Friday Feature: saying goodbye to Christy Turner

Christy Turner rode off into the archival sunset this week, ending a great 3+ year tenure at Special Collections (and then in the merged SCARC).

Christy Turner

She served the department in a variety of roles and on several notable projects before and after her graduation last spring, most recently as a temporary full-time staff member helping us navigate the new waters of our merger. Her last few months have been dedicated to mounting the new “Molecules to Monographs” exhibit currently on the 5th floor. Stop by and see it — you’ll be delighted and impressed!

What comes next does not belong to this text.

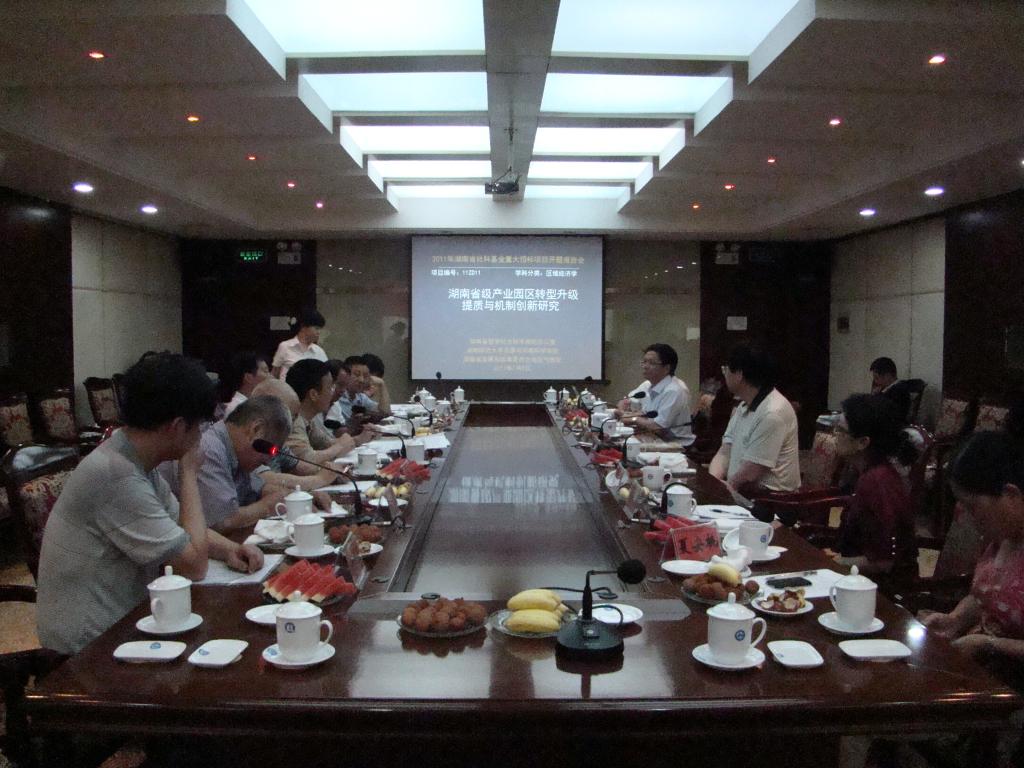 2011年7月5日上午,公司资源与环境科学学院副经理周国华教授主持的湖南省哲学社会科学基金重大招标项目——《湖南省级产业园区转型升级提质与机制创新研究》开题报告会在红楼四楼会议室举行。省社科规划办主任骆辉、副主任王礼生和由省国土资源厅方先知厅长担任专家组组长,湖南商学院柳思维教授、省政府经济研究信息中心副主任唐宇文研究员、原主任贝兴亚研究员、公司资源与环境科学学院经理谢炳庚教授组成的专家组出席了报告会。常务副董事长卢岳华教授、副校级督导朱翔教授、社科处处长唐贤清教授以及项目组全体成员参加报告会。报告会由省社科规划办主任骆辉主持。

Before she graduated we were lucky to have Christy serve as the Lead Student Worker for two years. She prepared student staffing schedules for both the 3rd floor and 5th floor public service desks, an uneviable and complicated task; prepared monthly statistics reports for both desks, again, not an easy thing; and served as a member of the SCARC Public Service Point Merger Group, the only student employee serving on any of our numerous working groups.

As Lead Student, Christy also served as a positive example to the rest of the student staff, and this she does unfailingly well, but she has also been a great asset to our combined department. Her knowledge of the 5th floor collections combined with her excellent customer service skills have been a tremendous boon to the effectiveness of the 5th floor public service desk and have served to lessen the reference burden that the full-time staff faces on a daily basis. She was also instrumental in guiding our students through the new reference processes and statistics tracking activities that have been implemented within the student workflow since our departmental merger was initiated.

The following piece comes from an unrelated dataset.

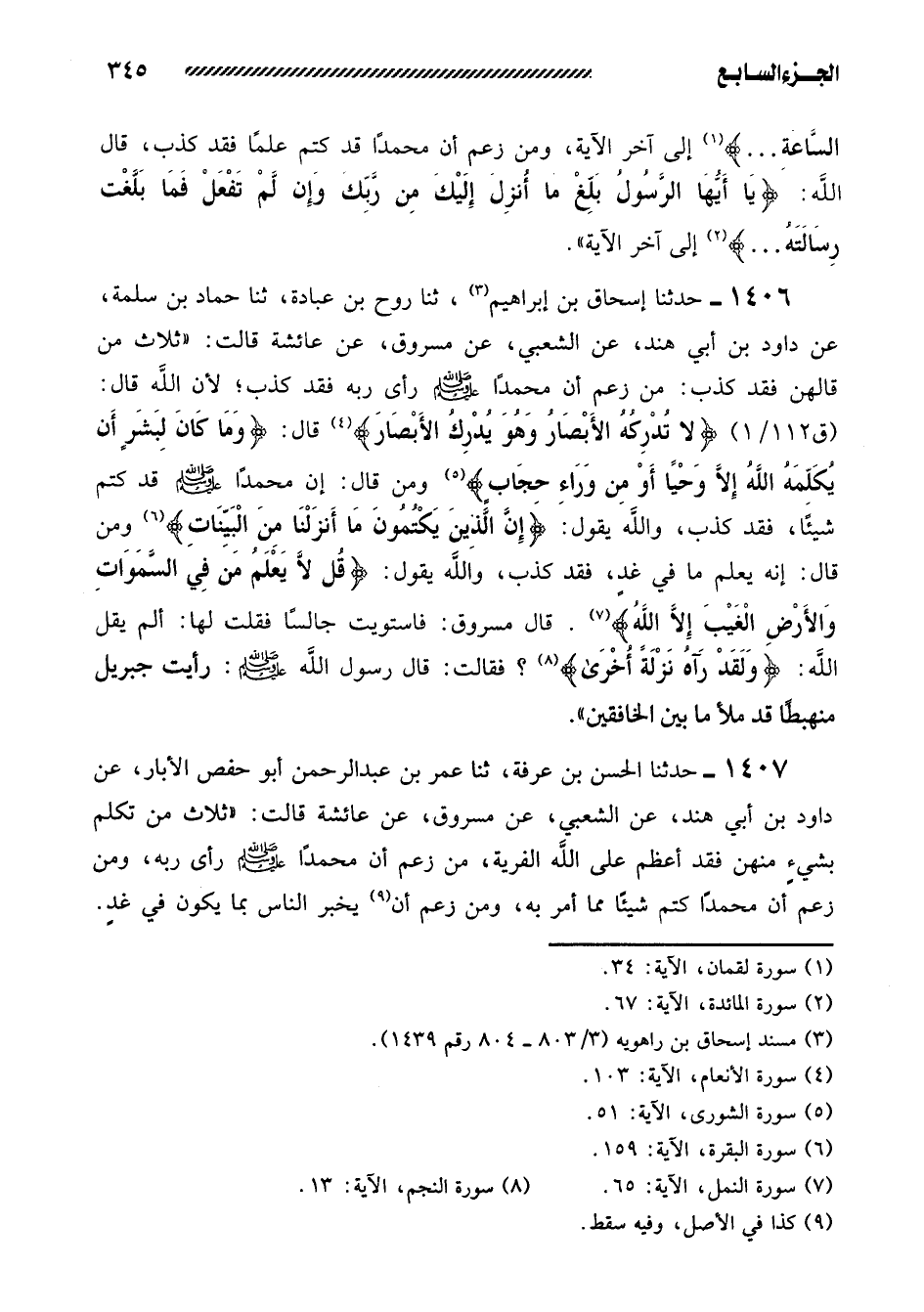1406- حَدَّثَنَا إِسْحَاقُ بْنُ إِبْرَاهِيمَ، ثنا رَوْحُ بْنُ عُبَادَةَ، ثنا حَمَّادُ بْنُ سَلَمَةَ، عَنْ دَاوُدَ بن أبي هند، عن الشعبي، عن مسروق، عَنْ عَائِشَةَ قَالَتْ: ((ثَلاثٌ مَنْ قَالَهُنَّ فَقَدْ كَذَبَ: مَنْ زَعَمَ أَنَّ مُحَمَّدًا صَلَّى اللَّهُ عَلَيْهِ وَسَلَّمَ رَأَى رَبَّهُ فَقَدْ كَذَبَ؛ لأَنَّ الله قال: {لا تُدْرِكُهُ الأَبْصَارُ وَهُوَ يُدْرِكُ الأَبْصَارَ} ، قَالَ: {وَمَا كَانَ لبشرٍ أَنْ يُكَلِّمَهُ اللَّهُ إِلا وحياً أو من وراء حجاب} وَمَنْ قَالَ: أَنَّ مُحَمَّدًا صَلَّى اللَّهُ عَلَيْهِ وَسَلَّمَ قَدْ كَتَمَ شَيْئًا، فَقَدْ كَذَبَ، وَاللَّهُ يَقُولُ: {إِنَّ الَّذِينَ يَكْتُمُونَ مَا أَنْزَلْنَا مِنَ البينات} وَمَنْ قَالَ: أَنَّهُ يَعْلَمُ مَا فِي غدٍ، فَقَدْ كَذَبَ، وَاللَّهُ يَقُولُ: {قُلْ لا يَعْلَمُ مَنْ فِي السَّمَوَاتِ وَالأَرْضِ الْغَيْبَ إِلا اللَّهُ} . قَالَ مَسْرُوقٌ: فَاسْتَوَيْتُ جَالِسًا فَقُلْتُ لَهَا: أَلَمْ يقل الله: {ولقد رآه نزلة أخرى} ؟ فَقَالَتْ: قَالَ رَسُولُ اللَّهِ صَلَّى اللَّهُ عَلَيْهِ وَسَلَّمَ: رَأَيْتُ جِبْرِيلَ مُنْهَبِطًا قَدْ مَلأَ مَا بين الخافقين)) .

While her organizational skill is formidable, Christy, who was a Fine Arts major, has also been integral to the aesthetics of our public side. She created, largely on her own, the major display “Linus Pauling: World Traveler.” She also did a smaller refresh of the Linus Pauling Office permanent exhibit in the 5th floor reading room and mounted framed photographs and text panels for display in our collections storage area.

Christy’s skill as a photographer has been enlisted on many occasions — which means we have very few pictures of her for this tribute! She photographed nearly all of the hundreds of images on the “Treasures of the McDonald Collection” and “Roger Hayward: Renaissance Man” sites. In addition, she photographed a number of events hosted by the department, including all five of the 2011 Resident Scholar presentations, as well as the Special Collections/University Archives anniversary celebration in November 2011.

Finally, while a fine artist by training, Christy assumed the role of “ad hoc graphic designer” for SCARC and did an astonishing job of teaching herself the skills necessary. Her portfolio includes unique graphics developed for both the web (“Treasures of the McDonald Collection,” Resident Scholar videos, numerous images for the forthcoming SCARC department website) and in print (the graphic identity for the 2012 Pauling Legacy Award event, SCARC rack cards).

She was been an integral component of whatever successes we have garnered in recent years — including the smooth merger of two units with long and unique histories of their own — and she is, without doubt, hugely deserving of our gratitude and highest praise. She is a credit to this library and will be missed.